Jeff Moden (3/12/2016)
When treating NULL as an "empty string" instead of "no string" and thus return rows for it, it is going to complicate and limits its use for serialization/de-serialization tasks (which is like its primary use).
I think that's the whole problem with the way a whole lot of people think. NULL should ever be treated as an "empty string" or "no string". Certainly, it should never be treated as Nothing. It should be treated only as "unknown" and, IMHO, if you give the function an unknown, it should return a confirmation that unknown was passed to it. This doesn't even violate the COUNT(*) problem that someone posted on the CONNECT because the NULL will be disregarded by COUNT(*).
It comes down what states of input there are and how can they be unique mapped to process-able output.
With scalar functions it is easy: NULL in is NULL out.
With the transformation between scalar and complex types things are well, more complex.
De-serialization tasks need to work exactly in reverse to the serialization, which is:
Empty array/set/list --> NULL
One empty string or ID --> ""
Two empty strings or ID ---> ","
Array with one ID 10 ---> "10"
Array with two ID 10 and 20 ---> "10,20"
Array with unknown ID and ID 20 ---> ",20"

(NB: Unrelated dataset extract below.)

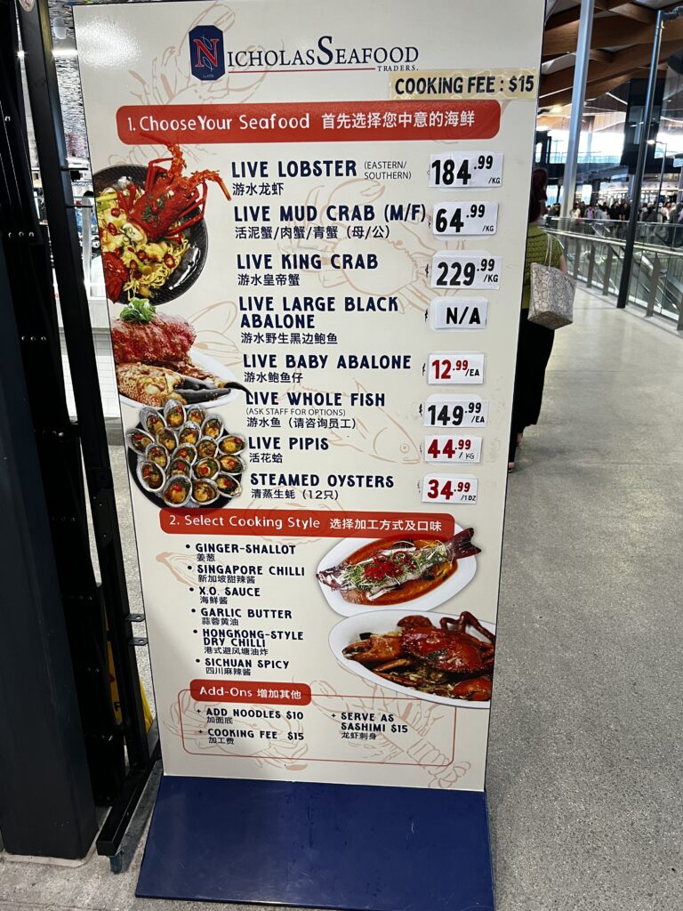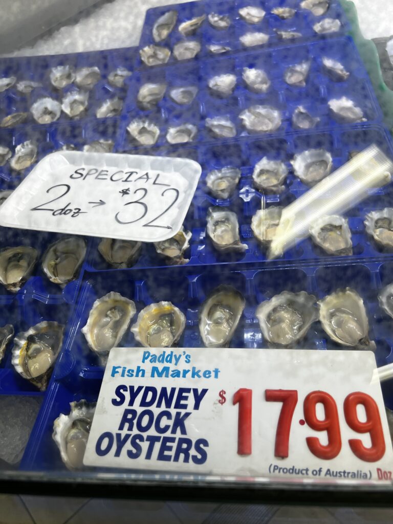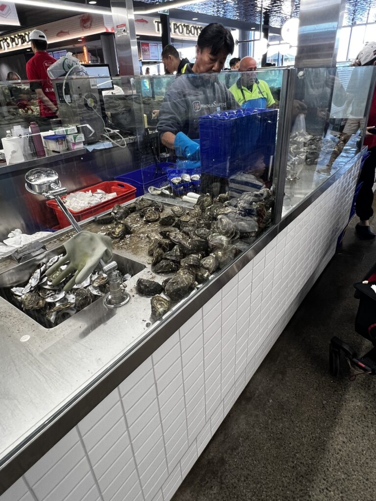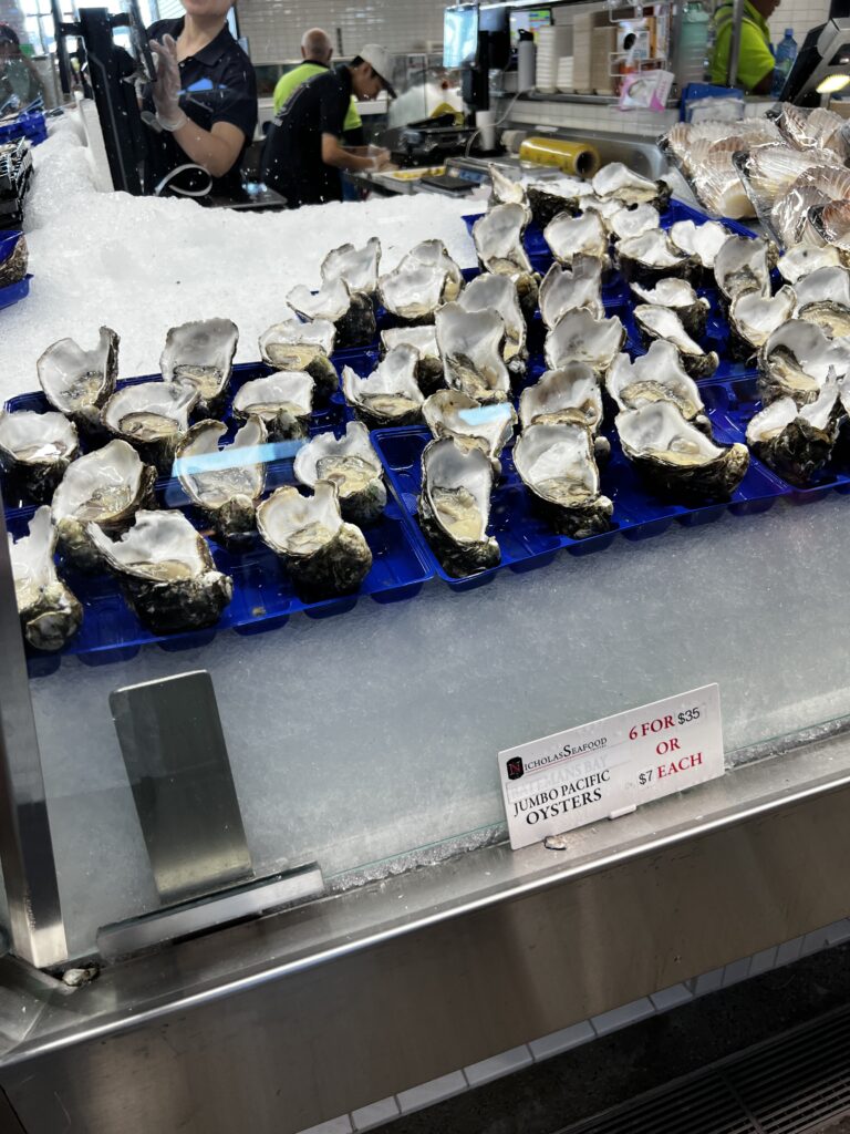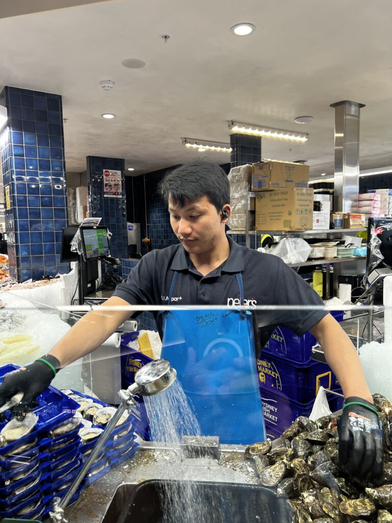 Sydney Fish Market incorporates a working fishing port, wholesale fish market, fresh seafood retail market, a delicatessen, a sushi bar, a bakery, a gift shop, a fruit and vegetable market, a new meat deli, a beverage outlet, a seafood cooking school, indoor seating and an outdoor promenade for visitors. There are daily wholesale auctions for Sydney’s seafood retailers. Since 1995, the markets have been open continuously over a 36-hour period stretching from 5am AEDST on 23 December to 5pm AEDST on Christmas Eve each year that is known as the ‘Seafood Marathon’.

Try to reverse this serialization and there is no way around it that NULL means empty set (else it would be indistinguishable against a string of length 0 or a nullable integer represented as such).
This mapping works well and supports every behavior one can desire.
Want to handle an empty set as a single row containing NULL?
We can do that at the price of loosing support for NULL values in the serialized array/set/list!
Use a "left join" or "outer apply" and that will result in a single row with NULL values for each column in the result.
Code something like this:
TableA as A
outer apply splitter( NULL, ',' ) as S
Ultimately it comes down to how broad the use of the function needs to be.
Personally I use splitters almost exclusively for de-serialization of serialized integer ID and other value types that come from an application layer.
Ordinal positions and support for nullable values in the serialization are highly desirable in this case.
Having to filter out records with ordinal position NULL would work too I think, but would more often be in the way then help.
Such a ** conditionally existing ** record would just be artificial and represent a state that is already supported naturally as an empty set.
Where we seem to disagree is how we view the result of our function and what it represents.
I view it as a set representation of the original array/set/list, where NULL means no values were serialized.
Scalar function behavior does not come into my reasoning, the output is a set.
And I view serializing nullable values as a perfectly valid use case.